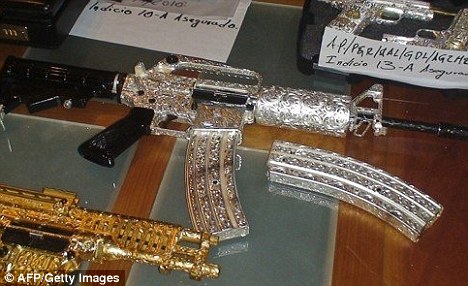 據(jù)報(bào)道,這些槍支顯示了幫派奢華份子如何花用他們不法的財(cái)富。照片顯示軍方在墨西哥西部一次突擊行動中,起出31支槍,大部分外表都包覆著黃金或白銀外皮,或鑲嵌著許多閃閃發(fā)光的鉆石。
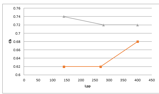 垂线间长与方型系数的范围
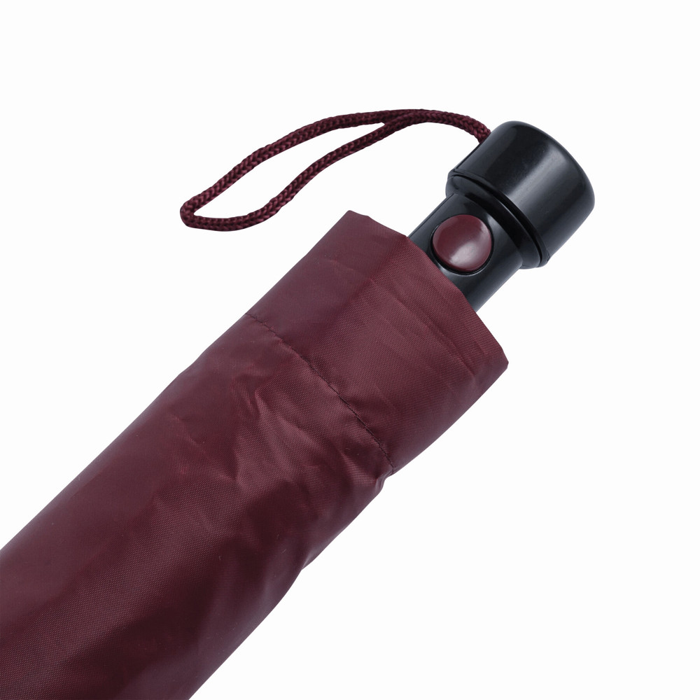 Automatik-Taschenschirm PRIMA, im farblich abgestimmten Futteral: 3-teiliger Metallstock, Metallspeichen und -tips, schwarzer Kunststoffknauf mit farblich abgestimmter Automatik-Auslösetaste und Handschlaufe, Polyester-Bespannung und Schließband mit Klettverschluss
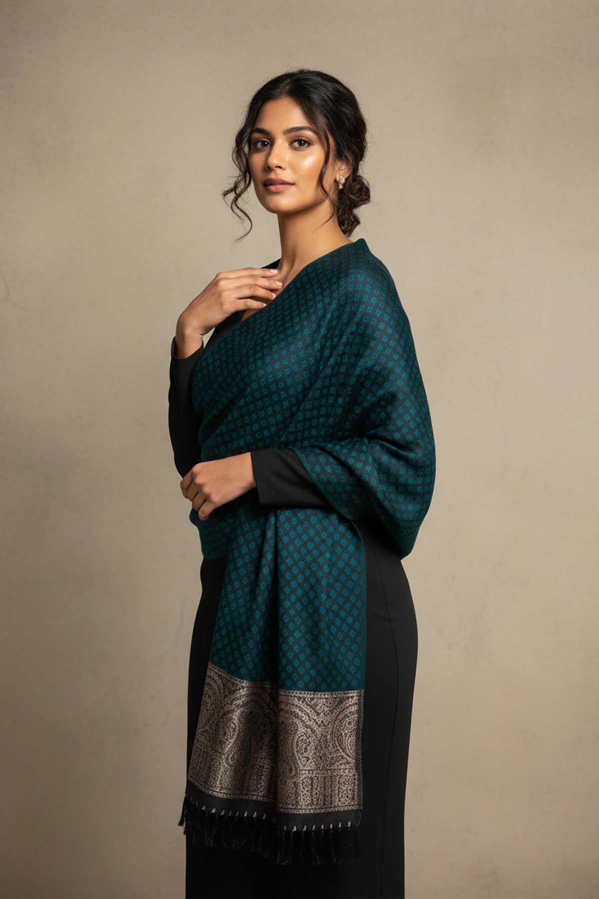 Elevate your style with this Modern Palla Stole featuring exquisite Kani and Jamawar weaving techniques. Designed as a versatile unisex accessory, its dual design balances traditional craftsmanship with contemporary elegance. Perfect for adding a refined touch to any outfit while offering comfort and warmth throughout the day.

WORK TASK -
Apart from the images, please copy every line of the data exactly as written.

EXERCISE RESULT -
 據(jù)報(bào)道,這些槍支顯示了幫派奢華份子如何花用他們不法的財(cái)富。照片顯示軍方在墨西哥西部一次突擊行動中,起出31支槍,大部分外表都包覆著黃金或白銀外皮,或鑲嵌著許多閃閃發(fā)光的鉆石。
 垂线间长与方型系数的范围
 Automatik-Taschenschirm PRIMA, im farblich abgestimmten Futteral: 3-teiliger Metallstock, Metallspeichen und -tips, schwarzer Kunststoffknauf mit farblich abgestimmter Automatik-Auslösetaste und Handschlaufe, Polyester-Bespannung und Schließband mit Klettverschluss
 Elevate your style with this Modern Palla Stole featuring exquisite Kani and Jamawar weaving techniques. Designed as a versatile unisex accessory, its dual design balances traditional craftsmanship with contemporary elegance. Perfect for adding a refined touch to any outfit while offering comfort and warmth throughout the day.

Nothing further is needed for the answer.